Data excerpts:
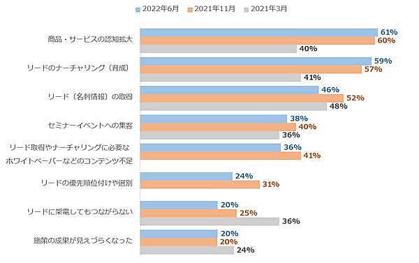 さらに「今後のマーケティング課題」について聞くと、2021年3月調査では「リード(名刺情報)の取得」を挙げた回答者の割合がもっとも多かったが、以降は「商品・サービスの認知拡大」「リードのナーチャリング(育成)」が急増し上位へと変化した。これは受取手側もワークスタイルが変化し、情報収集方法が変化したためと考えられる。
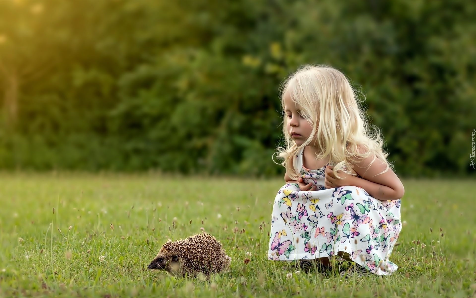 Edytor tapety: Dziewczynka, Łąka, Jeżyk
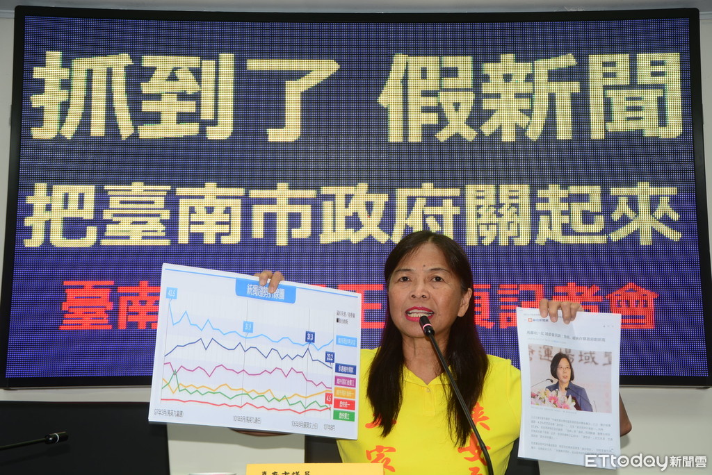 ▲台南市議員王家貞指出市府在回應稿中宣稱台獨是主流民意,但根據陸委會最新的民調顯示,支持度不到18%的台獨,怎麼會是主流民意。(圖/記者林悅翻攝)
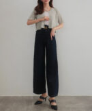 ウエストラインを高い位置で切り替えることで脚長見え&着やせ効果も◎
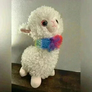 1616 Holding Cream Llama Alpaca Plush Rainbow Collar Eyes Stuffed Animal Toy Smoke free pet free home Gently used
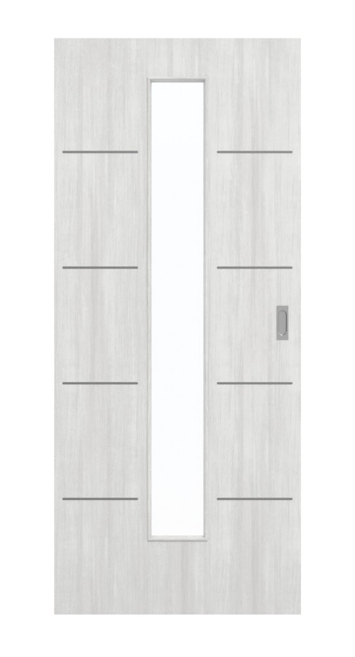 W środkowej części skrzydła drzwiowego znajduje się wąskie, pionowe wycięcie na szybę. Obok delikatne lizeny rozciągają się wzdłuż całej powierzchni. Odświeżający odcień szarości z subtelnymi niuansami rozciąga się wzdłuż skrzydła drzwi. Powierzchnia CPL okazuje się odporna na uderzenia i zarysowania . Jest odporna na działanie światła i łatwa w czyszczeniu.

TASK: Above are records; repeat only the lines from the line with "ウエストラインを高い位置で切り替えることで脚長見え&着やせ効果も◎" through the line with "1616 Holding Cream", and leave pictures out.

RESPONSE AREA:
 ウエストラインを高い位置で切り替えることで脚長見え&着やせ効果も◎
 1616 Holding Cream Llama Alpaca Plush Rainbow Collar Eyes Stuffed Animal Toy Smoke free pet free home Gently used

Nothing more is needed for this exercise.